# Tyre Pressures



## aguilas389 (May 18, 2008)

:roll: 
Everywhere I look, there are different tyre pressures given for the same question.
17" wheels with Camping Tyres on a 2006 Fiat Alco chassis 3500kgs B544 fully laden (slightly over if I'm honest) what pressures do other users run with?
Marion & Michael


----------



## peribro (Sep 6, 2009)

It's not a straightforward answer as much depends upon type of tyres, axle loads and indeed number of axles. There are many posts on MHF about it. The attached chart may be of interest to you.


----------



## some-where-in-oxford (Apr 18, 2006)

*Tyre pressures*

Mine are Continental Vanco Camper 225/75 R16 CP

I emailed the tire manufacturer with axle weights.

[email protected]

Front 1720 Kilo
Back 1840 Kilo

They emailed back with the following.

The pressures you require are as follows:

Front: 3 bar - 44psi
Rear: 3.25 bar - 47psi

How about emailing your tyre manufacturer?


----------



## grizzlyj (Oct 14, 2008)

The correct answer to your post is zero. 

"slightly over"? 

So you want the correct pressure, but then are happy to overload them? And your chassis? But still take your family(?) in the vehicle you've just made potentially dangerous? Endangering other road users? 
Publicly posting you're doing that, and that by using that vehicle knowingly overloaded you won't have a leg to stand on if an insurance claim was necessary by you or anyone else.

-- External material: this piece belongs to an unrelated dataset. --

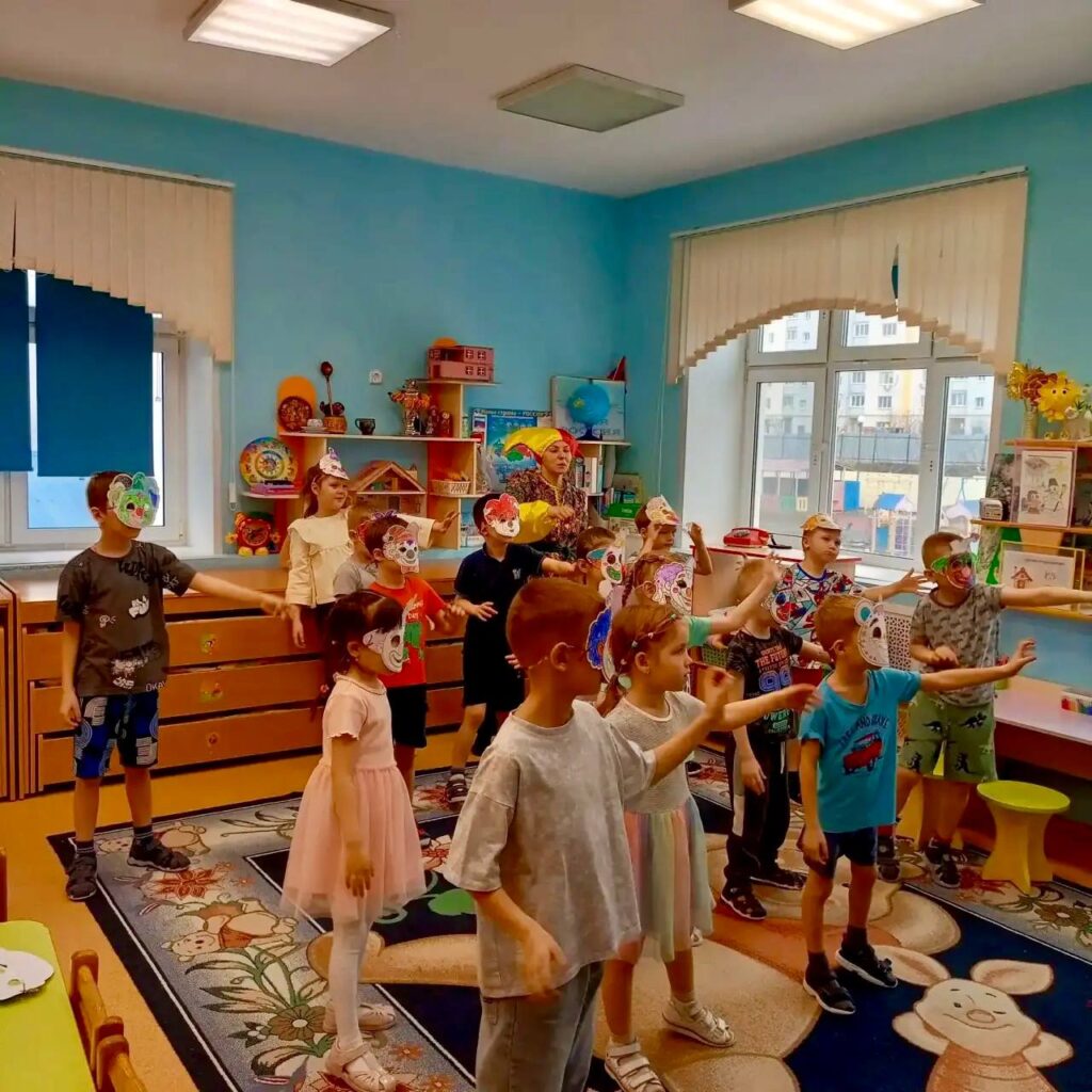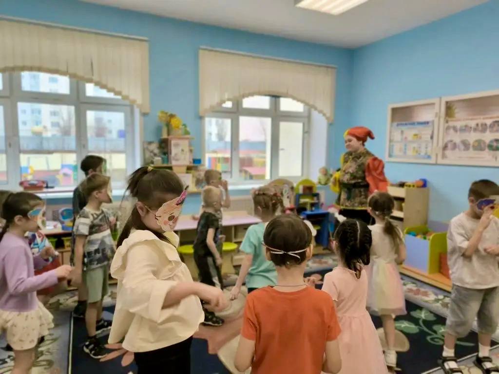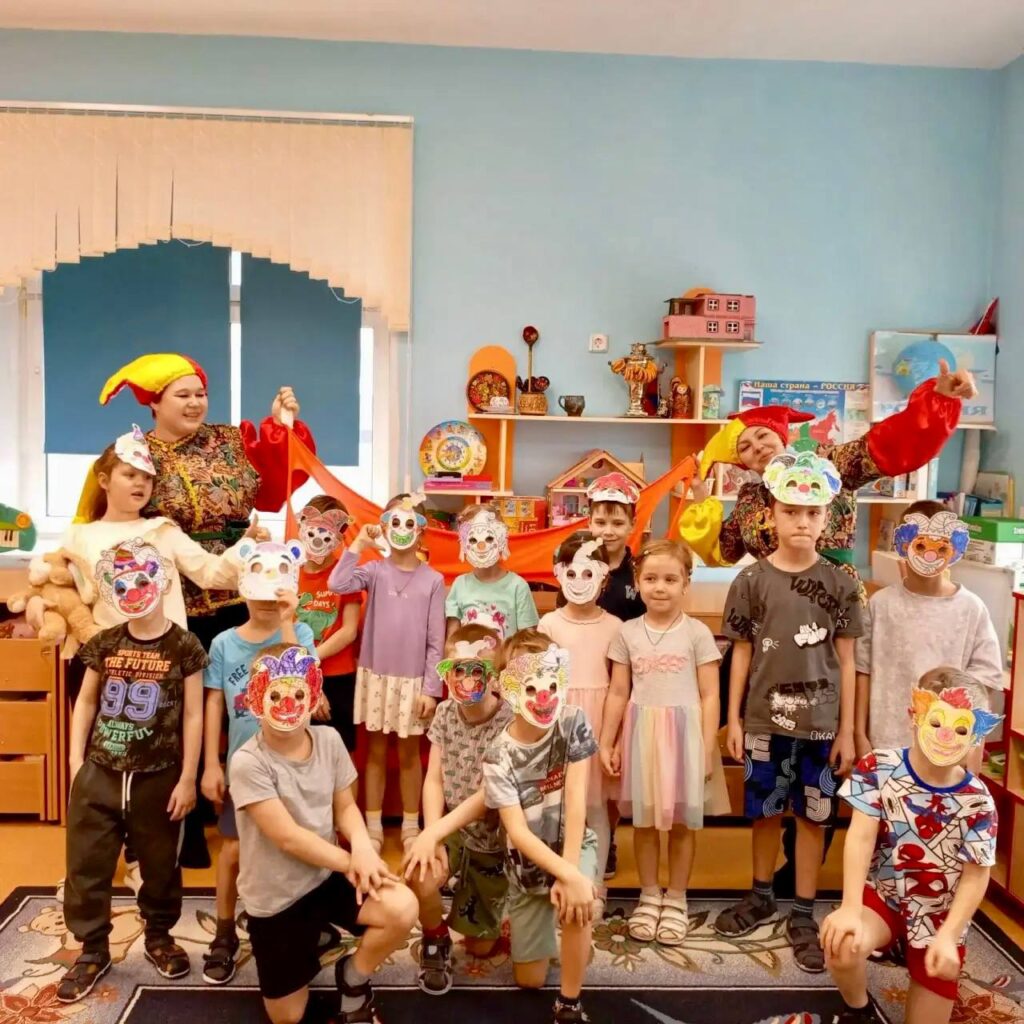 Ребята с увлечением разукрасили собственные смешные маски — каждая получилась яркой и неповторимой. А затем в этих масках танцевали и участвовали в весёлых играх.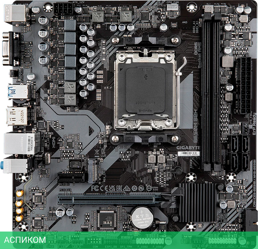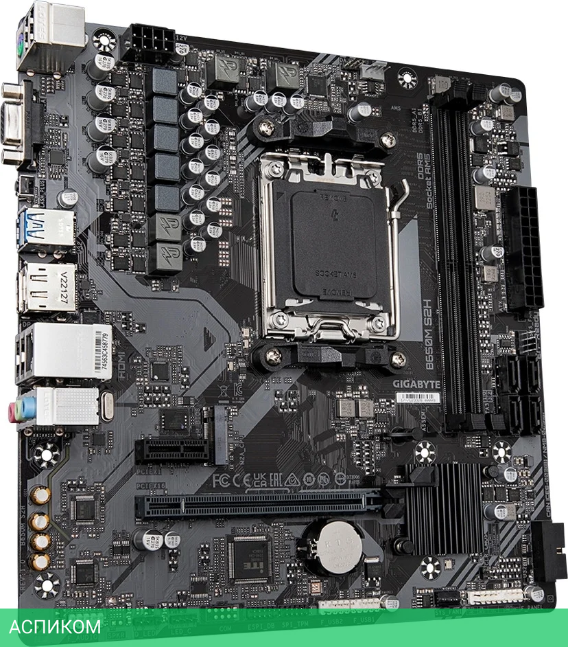 Материнская плата GigaByte B650M S2H DDR5 rev. 1.2/AM5/mATX/AMD B650/2xDDR5/4xSATA 3.0/1xM.2/8 каналов (7.1)/3x3.5 мм jack/1xDP/1x1 Gigabit/RAID/4x USB 2.0 (+2 внутренних)/2x USB 3.2 Gen1 Type-A (+1 внутренних)/1x PCIe x16/1x PCIe x1/1xHDMI/1xPS/2

Many people may do it but there is no excuse.


----------



## MHv2 (Jun 27, 2006)

The handbook for my Hymer single axle B634 fitted with Michelin 215/75R16 Camping tyres states 75psi / 5.2bar (all round) when cold. I made several enquiries and this seems to be about right.


----------



## MHv2 (Jun 27, 2006)

The handbook for my Hymer single axle B634 fitted with Michelin 215/75R16 Camping tyres states 75psi / 5.2bar (all round) when cold. I made several enquiries and this seems to be about right.


----------



## aguilas389 (May 18, 2008)

*tyre pressures*

*FAO GRIZZLYJ*

If I had wanted sarcasm I would have asked for it. The chassis is 3980 downrated on paper to 3500 so for your pipe, there is no "danger" in the equation!
This site is for helpful assistance not barbed comments.

Thanks to all others for the answers.


----------



## bikemad99 (Aug 17, 2006)

grizzlyj said:


> The correct answer to your post is zero.
> 
> "slightly over"?
> 
> ...


If you cannot say anything helpful, keep quiet. The world is sick of you" Elf & safety" freaks.


----------



## some-where-in-oxford (Apr 18, 2006)

One thing not mentioned, is that the tire pressures given by the tire manufacturers, are often lower than the handbook suggests.

You will get a better ride at a lower pressure, so best advice is always to get the axle weights and ask the tyre manufacturer.


----------



## blondy (Aug 23, 2007)

Hi Aguilas, Grizzly is not far out, it one has an accident, injuring some one, who pays for damages if one is over wieght.
Its quite clear the insurance wont pay up as the vehicle is illegal on the road. Its the drivers responsability to keep it legal.
O/K if one is very rich.


----------